Asset ID:	1-71-1008263.1
Update Date:	2017-10-18
Keywords:

Solution Type Technical Instruction Sure

Solution 1008263.1 : How to Troubleshoot CPU/Memory faults with Solaris[TM] FMA

Applies to:

Sun Fire E20K Server - Version All Versions and later
Sun Fire E25K Server - Version All Versions and later
Sun Fire 4810 Server - Version All Versions and later
Sun Fire 6800 Server - Version All Versions and later
Sun Fire E2900 Server - Version All Versions and later
All Platforms

Goal

Certain hardware failures can result in multiple components being identified as at fault. In addition FMA bugs exist which can cause innocent components to be disabled in error.

Solution

1. Confirm what FMA believes to be currently at fault from the output of fmadm faulty

If the fmadm faulty output looks like the following example the system is patched at a very old level where multiple bugs exist.

At this level memory fault diagnosis is still very reliable but CPU faults are very likely to be false.

$ pwd
/explorer.../fma
$ cat fmadm-faulty.out
STATE RESOURCE / UUID
-------- ----------------------------------------------------------------------
faulted cpu:///cpuid=482/serial=80011A28C751C469
6edb6157-d195-e1ba-eed2-a021b432b99f
-------- ----------------------------------------------------------------------
faulted cpu:///cpuid=486/serial=80011A28C751C469
6edb6157-d195-e1ba-eed2-a021b432b99f
-------- ----------------------------------------------------------------------
degraded mem:///unum=SB17/P2/B1,J15301,J15401,J15501,J15601
709b49ae-c2c9-ea93-93a2-ed44337adf5d
-------- ----------------------------------------------------------------------

In this example two CPU cores from the same socket were identified as a result of a single fault diagnosis UUID 6edb6157-d195-e1ba-eed2-a021b432b99f. The single bank of memory including four DIMMs was identified as a result of a second diagnosis UUID 709b49ae-c2c9-ea93-93a2-ed44337adf5d.
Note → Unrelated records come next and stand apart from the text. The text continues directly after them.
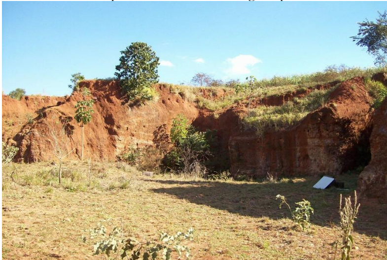
Figura 4 - Povoado Garimpo do Bandeira: área do garimpo de diamantes desativado
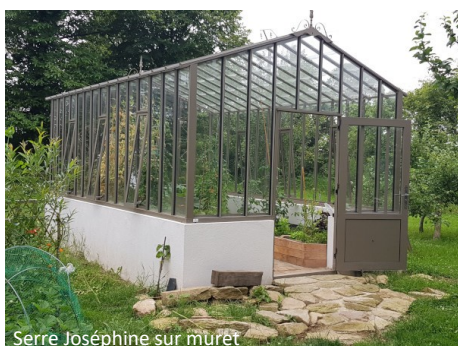
Serre Joséphine sur muret
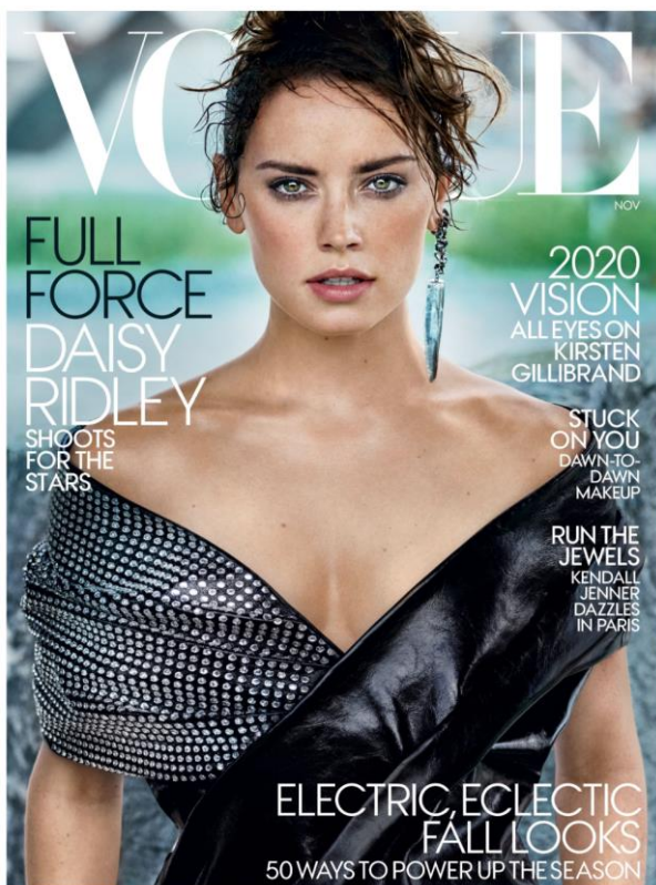
Daisy Ridley posant en couverture du magazine Vogue pour la sortie de Star Wars : The Last Jedi (2017)

(2017) dans des sites communautaires spécialisés et se revendiquant « féministes », qui dénoncent la « projection de fantasmes masculins 141 » qu'est la sexualisation de la super-héroïne : « cette dimension du personnage de Diana contrebalance son apparence de super-héroïne. [...] elle est prête aussi bien pour le sexe que pour le combat 142 . » Ces couvertures controversées soulignent avant tout la fragilité et la fausseté des justifications fictionnelles et/ou génériques avancées par les productions pour dédouaner leur traitement diégétique et promotionnel de l'empowerment féminin des accusations de sexisme.

Exceptions: The output of fmadm faulty will only contain faults on components currently presented to Solaris. There are a number of reasons why components might not be presented to Solaris.

The component is CHS disabled and no longer presented to Solaris
The component failed POST and is no longer presented to Solaris
An admin manually removed components from the domain/system config.

Note: Once you get to Solaris 10 u5 (05/08) or above if you specify the -a option (fmadm-faulty-a.out in the explorer), all resource information cached by the Fault Manager is listed.

Example fmadm faulty output from Solaris 10 u5 or above:

--------------- ------------------------------------ -------------- ---------
TIME            EVENT-ID                              MSG-ID         SEVERITY
--------------- ------------------------------------ -------------- ---------
Aug 28 15:51:07 fde0f532-04f1-ed2a-dd72-d371fe56972a SUN4U-8000-35 Critical

Host        : cls011a
Platform    : SUNW,Sun-Fire-15000 Chassis_id :
Product_sn :

Fault class : fault.memory.bank 95%
Affects     : mem:///unum=SB3/P1/B1,J14301,J14401,J14501,J14601
                   out of service, but associated components no longer faulty
FRU         : mem:///unum=SB3/P1/B1,J14301,J14401,J14501,J14601 95%
                   not present
Serial ID. : 5015401A1EF22
               5015401414014
               5015401A1EF00
               5015401407058

Description : The number of errors associated with this memory module has
               exceeded acceptable levels. Refer to
               http://sun.com/msg/SUN4U-8000-35 for more information.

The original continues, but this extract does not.